There were two air force PJs on the helo—one large, one small. Russell sat on the rumbling seat with the terrain blurring past the Plexiglas window—very clear, someone must have cleaned it with Lemon Pledge—and then the smaller PJ reached to touch the torn place on Russell's fatigues. This man's nametape read
DIAZ
, and he pulled back the fabric to study the wound, then produced a pair of scissors and sheared away the pants leg to Russell's thigh. He was pressing gauze against the quarter-sized gash when he looked up and his brow furrowed. He put a hand to Russell's vest, and Russell looked down to see that blood had soaked the brown fabric. Something had gotten through the ballistic panel on the left side, but Russell had just watched five men die, one of whom he'd killed, and his entire body had a numb, floating feeling. The PJ set about removing Russell's body armor, removing his undershirt and jacket. Russell closed his eyes.

When they landed at the firebase, there was a small crowd awaiting them, members of the surgical team standing to one side. A row of wounded soldiers lay along the sandbag wall, Sara and the other nurses attending them. The chopper put down, and two medical techs came up with a litter. It took Russell a moment to realize they were coming for him. Sara was watching. She nodded to Russell and massaged the skin just below her throat. Russell looked at her and waved. His hearing had partly returned and he told the med techs he could walk on his own, but they didn't seem to care what he could do, and finally one of the surgeons approached.

“Soldier,” he said, “they do it for a living.”

Russell stared at the man. Then he turned to seat himself on the thin canvas stretcher. He felt the doctor swipe something cold across the skin below his shoulder, and when he looked to see what it was, the man sank a needle into his deltoid and pushed the plunger.

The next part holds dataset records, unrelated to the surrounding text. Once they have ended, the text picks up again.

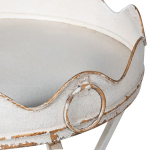 Bring a touch of old-world charm to your space with this vintage-style Distressed Iron Side Table. Featuring wavy edges and a circular tabletop, the table boasts a faded paint finish that enhances its antique appeal. The distressed white metal frame and folding design make it both practical and decorative, perfect for displaying decor or serving as a rustic accent in your home. With its elegant yet weathered look, this side table adds character and charm to any room, blending effortlessly with both vintage and eclectic styles.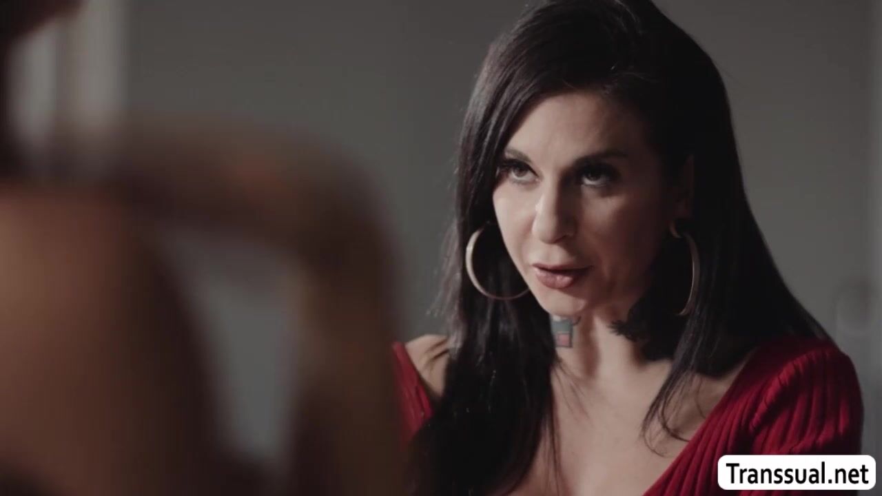 Goth stepmom and her busty shemale stepdaughter are on the couch kissing each other.Next is,she throats her hard shecock and in return,her TS stepdaughter licks and fucks her wet tight pussy so deep and hard.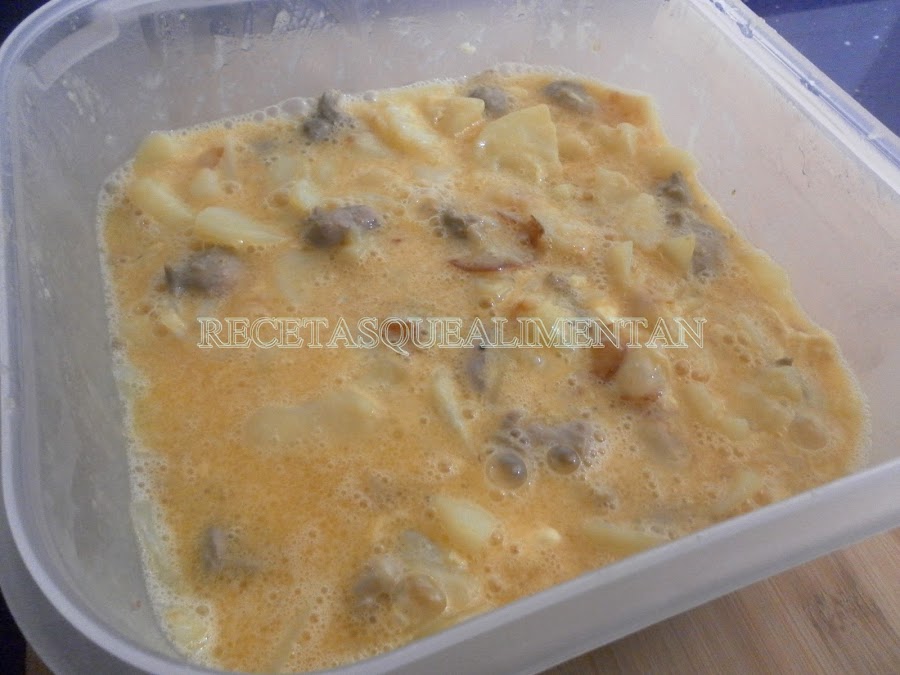 Escurrimos el aceite sobrante y colocamos las patatas en el bol con los huevos ya batidos. Incorporamos la carne de cerdo frita.
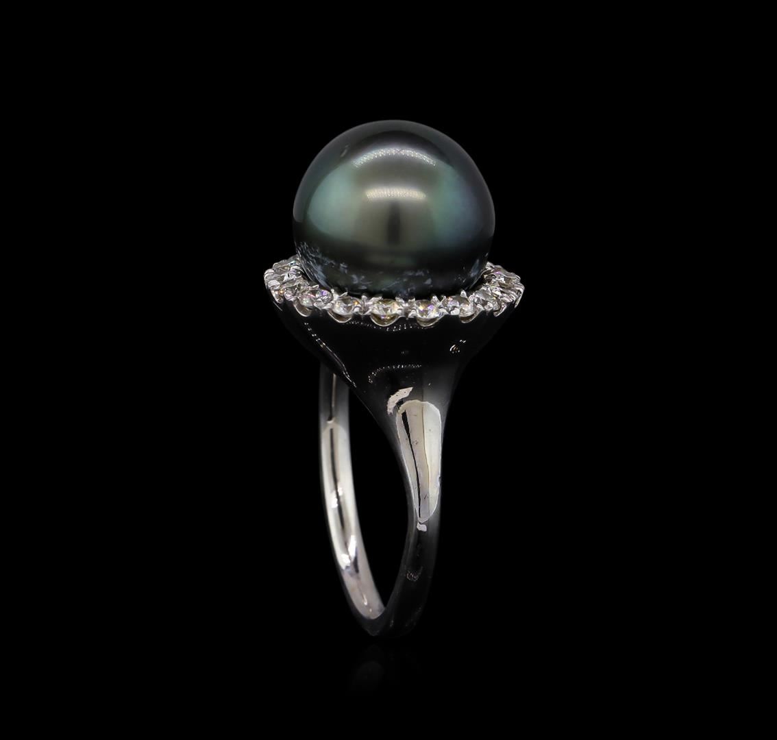 One ring featuring: 14KT white gold weighing 6.68 grams containing one pearl and side diamonds with a total weight of 0.68ct.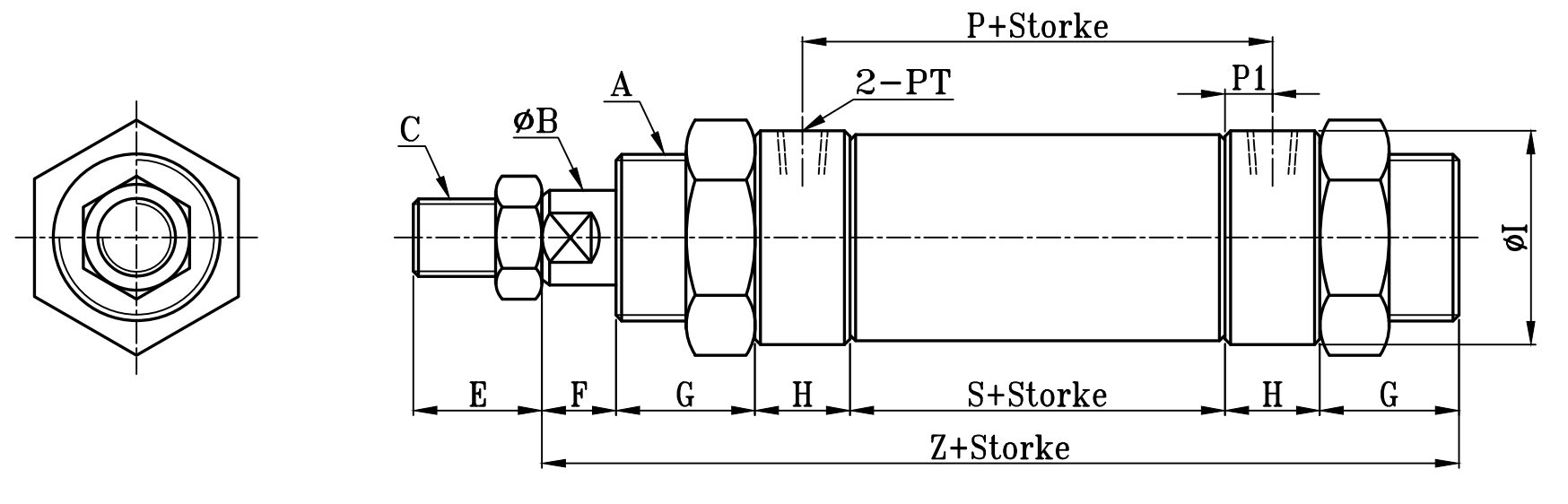 | Φ25 | M26xP1.5 | 14 | 11 | 20 | 16 | 32 | 71 | 8 | 1/8 | 55 | 138 | 149 | 174 | 174 | 22 | M12xP1.25 | 25 | M10xP1.5 | 15 | 10 | 9 |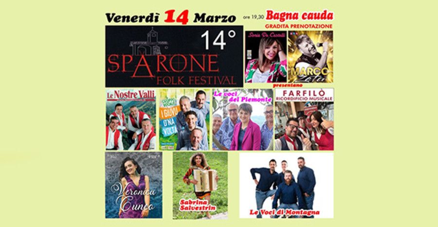 La 14a edizione dello Sparone Folk Festival si inserisce in una serie di eventi in programma dall'8 al 22 marzo, che vedranno sul palco anche tre tra le più importanti orchestre di musica da ballo, Omar Codazzi (mercoledì 12), Marianna Lanteri (sabato 15) e Federica Cocco (sabato 22).
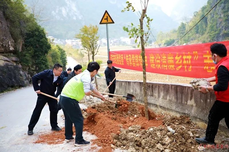 3月3日,崇左市天等县进结镇爱乐村委的道路两旁及篮球场两侧,新种下的10棵扁桃树、20棵宫粉紫荆、20棵蓝花楹、40棵球形三角梅正迎风挺立,这是崇左市纪委监委党员志愿者服务队与当地党员干部群众挥汗奋战一天的初步战果。
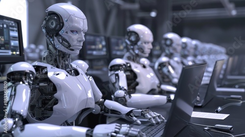 © Manroy, Fototapeta premium High efficiency with robots working on laptops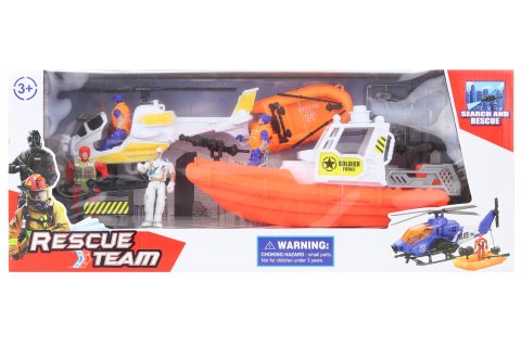 Sada záchranárov obsahuje motorový čln, helikoptéru, nafukovací čln, 4 figúrky záchranárov a ďalšie doplnky. Rozmer balenia cca 57 x 23 x 14 cm. Vek 3+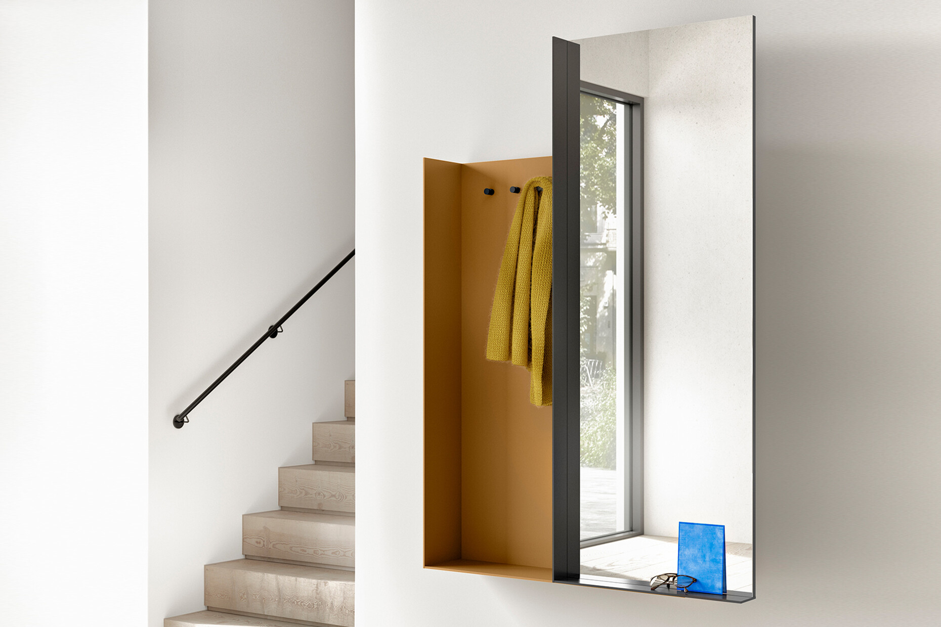 Jury statement: Berlin-based designer Hanne Willmann, Creative Director at Interlübke, designed “Levi” for the company – a coat rack, mirror, and three-dimensional wall object in one. This makes “Levi” an effective means for combatting bleak hallways.
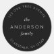 Adesivo Redondo Clássico com Nome da Família Preto e Endereço apresenta seu sobrenome e endereço em branco sobre um fundo preto. Confira os itens de casamento correspondentes https://www.zazzle.com/collections/119930609931325936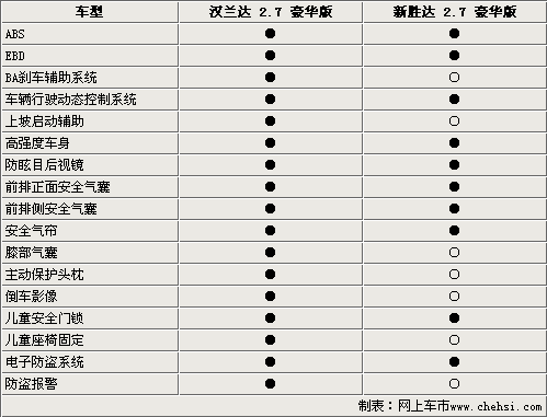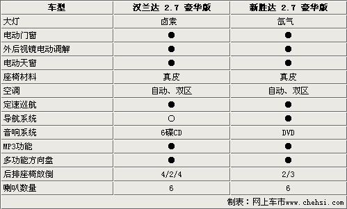 國產漢蘭達2.7豪華版和新勝達2.7豪華版的舒適配置可謂是應有盡有,電動天窗、真皮座椅、自動空調、定速巡航、多功能方向盤等設備都成為了標準配置。新勝達配備了導航系統(tǒng)和DVD影音系統(tǒng),而漢蘭達豪華版的這兩項項配置均為選配。在后排放倒比例上,漢蘭達最為靈活多變,放倒比例達到了4:2:4,可以更加有效的方便乘客置放大件物品,新勝達后排座椅只可以按2:3的比例進行放倒。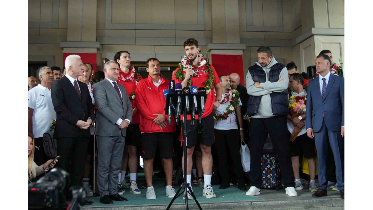 A Milli Erkek Basketbol Takımı, Letonya'nın başkenti Riga'da düzenlenen 2025 Avrupa Basketbol Şampiyonası'nın (EuroBasket 2025) finalinde Almanya'ya 88-83'lük skorla yenilerek Avrupa ikincisi oldu. Avrupa şampiyonası tarihinde ikinci kez gümüş madalya kazanan 12 Dev Adam, organizasyonun ardından bugün Türkiye'ye döndü. Havalimanından çıkışın ardından milli basketbolcular Cedi Osman ve Alperen Şengün, basın mensuplarına açıklamalarda bulundu.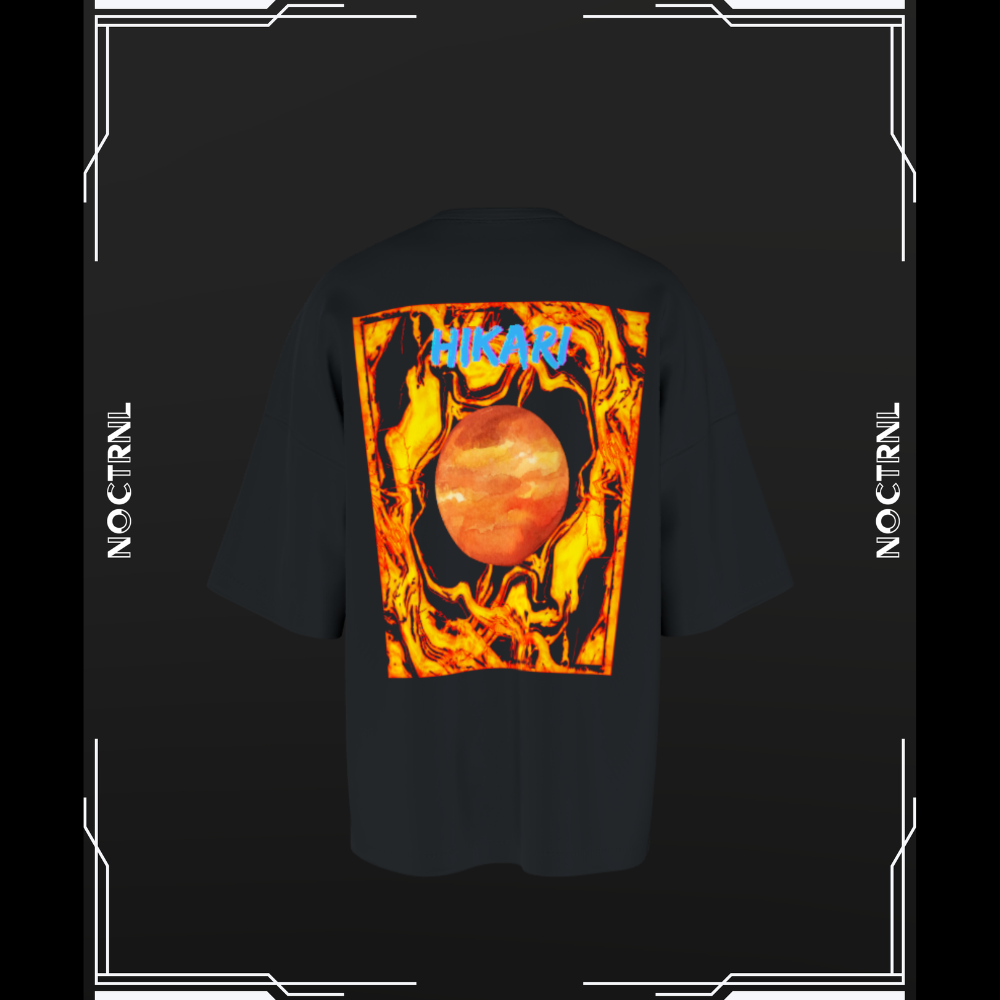 Ignite your style with the “HIKARI” Oversized Tee. Meaning “Light” or “Radiance” in Japanese, this design captures the raw, intense energy of a planet engulfed in a cosmic inferno, perfect for making a bold, fiery statement.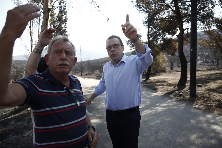 «Βρεθήκαμε σήμερα εδώ για να δούμε το αποτύπωμα της προχθεσινής πυρκαγιάς, συναντηθήκαμε με τον δήμαρχο και κάναμε μια πρώτη συζήτηση και για το μέγεθος του προβλήματος, της ζημιάς δηλαδή που έχει επέλθει, αλλά κυρίως πλέον για το σημαντικό έργο της αποτύπωσης, της αποκατάστασης και της αποζημίωσης.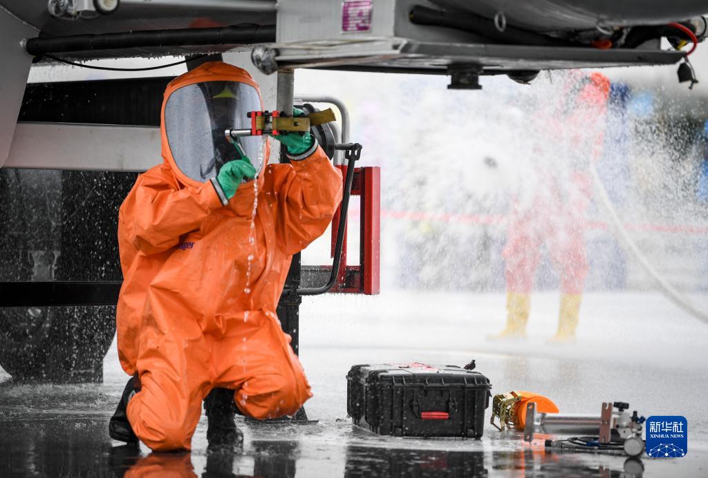 9月8日,參賽隊員在參加危險化學品運輸槽車泄漏處置項目比賽。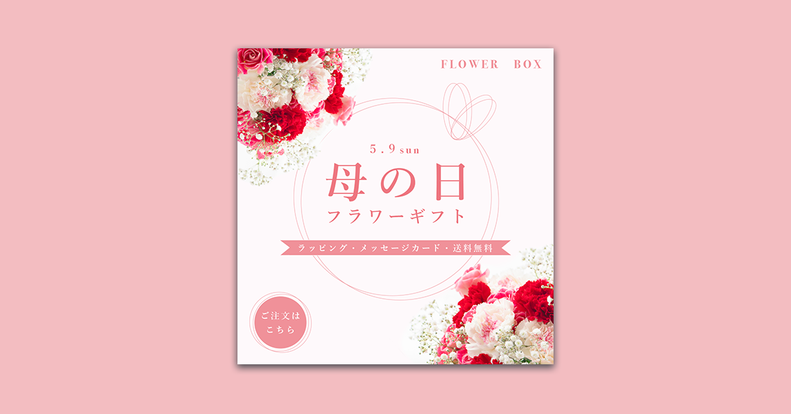 ・シーン訴求になるので、利用シーンをしっかり目立たせるために「母の日」を大きく中央に配置しました。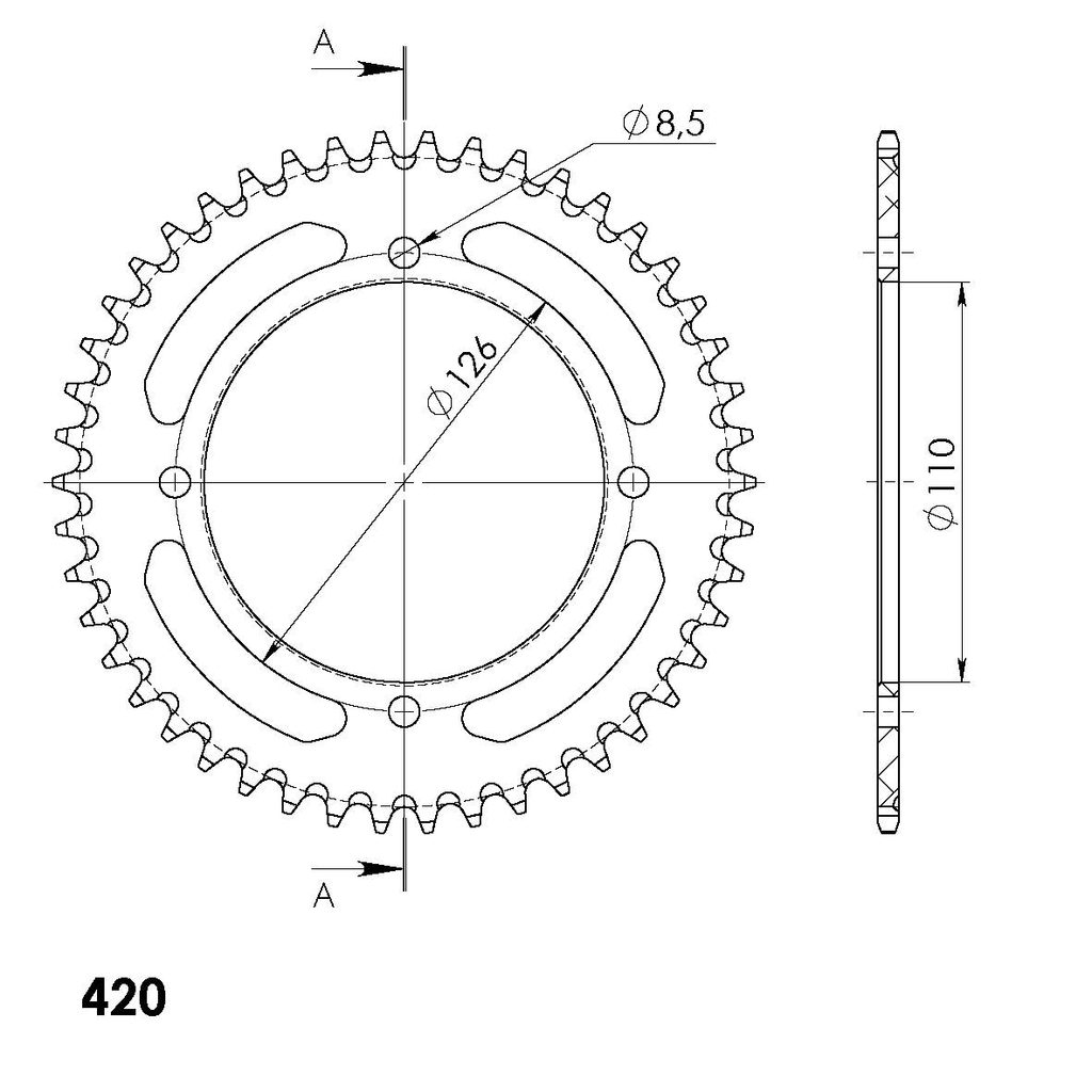 Hliníková řetězová rozeta SUPERSPROX RAL-455:46-BLK černý 46 zubů, 420

Then he was in the medical tent. He could tell that his back hurt, but he couldn't feel it beneath the drugs.
Could tell it hurt but couldn't feel.
He'd have something he wanted to say and then he'd try to form the words and they'd evaporate from the tip of his tongue. Something seemed to have caught up with him. He kept closing and opening his eyes. The scene unfolded before him like bodies caught in a strobe: the doctors across the room, the doctors up close. There were men on tables screaming. Men wheeled past on gurneys.

Then a surgeon was speaking to him. Time seemed to have passed. They'd removed shrapnel from his torso and thigh, debrided the wounds but for some reason hadn't stitched him. He both seemed to recall the procedure but couldn't remember a thing about it.

“You have a mild concussion,” the surgeon was saying. “Mild TBI. On the scale we use, about a thirteen.”